SADAKA الصدقة
الصدقة Sadaka, kamu hizmeti karşılığı (İstifade teorisi) veya duruma göre el koyarak (İktidar teorisi) kamuya gelir olarak alınan değerlerdir; vergilerdir.
Sadakaya, müminlerin Allah'ın emirlerine uymadaki sadakatlerini gösterdiği için "sadaka" denilmiştir. Çoğulu الصدقاتsadakât'tır.
Sadaka; mümin, Müslüman, münafık, Yahudi vs. tüm vatandaşlardan alınır. Zekâtı ise sadece müminler verirler. Zira müminlerin devletinin varlığına, ayakta tutulmasına dış destek gelirse iğfâl gerçekleşip o devlet yozlaşmaya mahkûm olur, devleti varlığı ve bekası, fertlerin özgürlüğü tehlikeye girer.
Sadakanın mahiyeti ve meşruiyeti aşağıdaki ayetlerde açıkça beyan edilmiştir.
(Tevbe/ 60, 103, Mücadele/ 12, 13)
Sadaka, –sadaka ayetlerinde görüleceği gibi– kamu hizmetleri için harcanan aynî ve nakdî değerlerdir. Burada konu edilen, Rasûlullah'ın şahsına verilecek bir yardım değildir. Zira tüm peygamberler gibi peygamberimizin de ücret, sadaka alması yasaklanmıştır.
Bu ayetlerde, kamu görevlileri ile ilişkiler konusunda belirli ilkeler öngörülmektedir. Kamudan özel bir talebi olanlar sadaka vermelidirler (şimdiki devlet dairelerindeki hizmete karşılık alınan harç örneği). Böylece, özel meselelerinin çözüme kavuşturulması ile birlikte ihtiyaç sahiplerine verilmek ve umumi maslahatlar için kullanılmak üzere gelir sağlanacaktır.

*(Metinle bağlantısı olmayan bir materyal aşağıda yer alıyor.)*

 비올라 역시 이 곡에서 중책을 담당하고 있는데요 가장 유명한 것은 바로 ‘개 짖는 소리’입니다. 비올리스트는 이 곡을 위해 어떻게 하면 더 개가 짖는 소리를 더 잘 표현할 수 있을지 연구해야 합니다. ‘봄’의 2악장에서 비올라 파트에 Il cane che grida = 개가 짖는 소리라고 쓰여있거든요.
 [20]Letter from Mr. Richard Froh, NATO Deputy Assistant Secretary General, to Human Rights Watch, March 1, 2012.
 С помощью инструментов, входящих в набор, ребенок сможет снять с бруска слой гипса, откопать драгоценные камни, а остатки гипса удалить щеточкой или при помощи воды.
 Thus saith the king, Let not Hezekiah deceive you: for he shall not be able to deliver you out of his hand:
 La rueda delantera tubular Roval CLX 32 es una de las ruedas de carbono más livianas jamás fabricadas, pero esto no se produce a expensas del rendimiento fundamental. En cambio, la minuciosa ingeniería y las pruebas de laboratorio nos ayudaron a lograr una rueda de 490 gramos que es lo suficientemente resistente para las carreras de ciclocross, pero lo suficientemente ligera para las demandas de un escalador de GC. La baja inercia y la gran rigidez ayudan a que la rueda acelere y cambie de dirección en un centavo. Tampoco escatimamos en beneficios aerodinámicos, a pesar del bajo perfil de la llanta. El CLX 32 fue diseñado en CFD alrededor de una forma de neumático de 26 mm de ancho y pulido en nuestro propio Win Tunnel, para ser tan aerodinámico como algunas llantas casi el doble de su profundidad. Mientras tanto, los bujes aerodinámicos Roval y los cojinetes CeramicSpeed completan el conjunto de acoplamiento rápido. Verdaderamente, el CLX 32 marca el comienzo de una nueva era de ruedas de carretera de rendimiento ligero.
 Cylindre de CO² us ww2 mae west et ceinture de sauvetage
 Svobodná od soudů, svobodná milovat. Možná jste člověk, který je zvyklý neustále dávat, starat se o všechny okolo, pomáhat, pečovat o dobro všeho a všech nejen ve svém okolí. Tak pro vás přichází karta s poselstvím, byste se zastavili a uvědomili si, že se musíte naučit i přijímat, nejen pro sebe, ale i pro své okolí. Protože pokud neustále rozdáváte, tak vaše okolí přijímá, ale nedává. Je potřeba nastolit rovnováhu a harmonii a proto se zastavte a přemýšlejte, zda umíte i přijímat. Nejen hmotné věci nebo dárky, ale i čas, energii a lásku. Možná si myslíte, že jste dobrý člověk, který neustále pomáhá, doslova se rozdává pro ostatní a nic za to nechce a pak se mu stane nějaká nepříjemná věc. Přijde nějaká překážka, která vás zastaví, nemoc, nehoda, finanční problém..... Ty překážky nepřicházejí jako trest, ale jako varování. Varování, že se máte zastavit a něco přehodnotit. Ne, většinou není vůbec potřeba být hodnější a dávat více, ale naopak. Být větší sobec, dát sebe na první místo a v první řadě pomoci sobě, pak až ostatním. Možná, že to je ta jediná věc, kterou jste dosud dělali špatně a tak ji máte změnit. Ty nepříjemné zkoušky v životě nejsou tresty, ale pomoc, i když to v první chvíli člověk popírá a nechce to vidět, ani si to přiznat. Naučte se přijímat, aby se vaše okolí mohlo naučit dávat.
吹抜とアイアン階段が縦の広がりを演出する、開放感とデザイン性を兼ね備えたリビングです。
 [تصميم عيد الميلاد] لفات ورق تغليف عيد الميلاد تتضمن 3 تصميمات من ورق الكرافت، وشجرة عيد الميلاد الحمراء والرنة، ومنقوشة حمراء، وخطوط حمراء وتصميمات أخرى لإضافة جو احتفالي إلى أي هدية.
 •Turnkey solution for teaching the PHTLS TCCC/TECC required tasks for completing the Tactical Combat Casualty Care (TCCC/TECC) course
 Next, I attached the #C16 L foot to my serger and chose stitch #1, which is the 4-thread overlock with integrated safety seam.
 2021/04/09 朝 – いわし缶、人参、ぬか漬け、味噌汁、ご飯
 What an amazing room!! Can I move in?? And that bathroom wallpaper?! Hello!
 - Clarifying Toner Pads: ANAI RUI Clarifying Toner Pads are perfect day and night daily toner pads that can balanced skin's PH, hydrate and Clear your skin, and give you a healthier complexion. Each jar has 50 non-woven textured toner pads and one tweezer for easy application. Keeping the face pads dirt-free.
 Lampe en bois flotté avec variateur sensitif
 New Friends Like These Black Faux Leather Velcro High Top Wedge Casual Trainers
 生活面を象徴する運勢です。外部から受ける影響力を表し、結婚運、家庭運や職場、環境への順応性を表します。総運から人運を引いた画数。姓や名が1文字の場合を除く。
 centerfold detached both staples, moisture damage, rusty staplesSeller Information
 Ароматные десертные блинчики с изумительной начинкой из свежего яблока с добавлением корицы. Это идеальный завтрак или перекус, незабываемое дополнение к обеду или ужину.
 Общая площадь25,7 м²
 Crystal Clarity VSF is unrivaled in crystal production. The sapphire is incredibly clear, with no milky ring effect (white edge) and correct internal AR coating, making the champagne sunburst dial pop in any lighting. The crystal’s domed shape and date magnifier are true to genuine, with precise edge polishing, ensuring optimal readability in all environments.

• Ayetin son bölümündeki, Bu, sizin için daha hayırlı ve daha temizdir. Şayet bulamazsanız artık şüphesiz Allah Gafûr'dur, Rahîm'dir ifadesinden, sadaka vermenin bir zorunluluk olmayıp henüz hazmetme sürecindeki müminlerin alıştırılmasına, eğitilmesine yönelik bir tavsiye olduğu anlaşılıyor.
Devletin idamesi ve bekası için kamuya mali destek şarttır.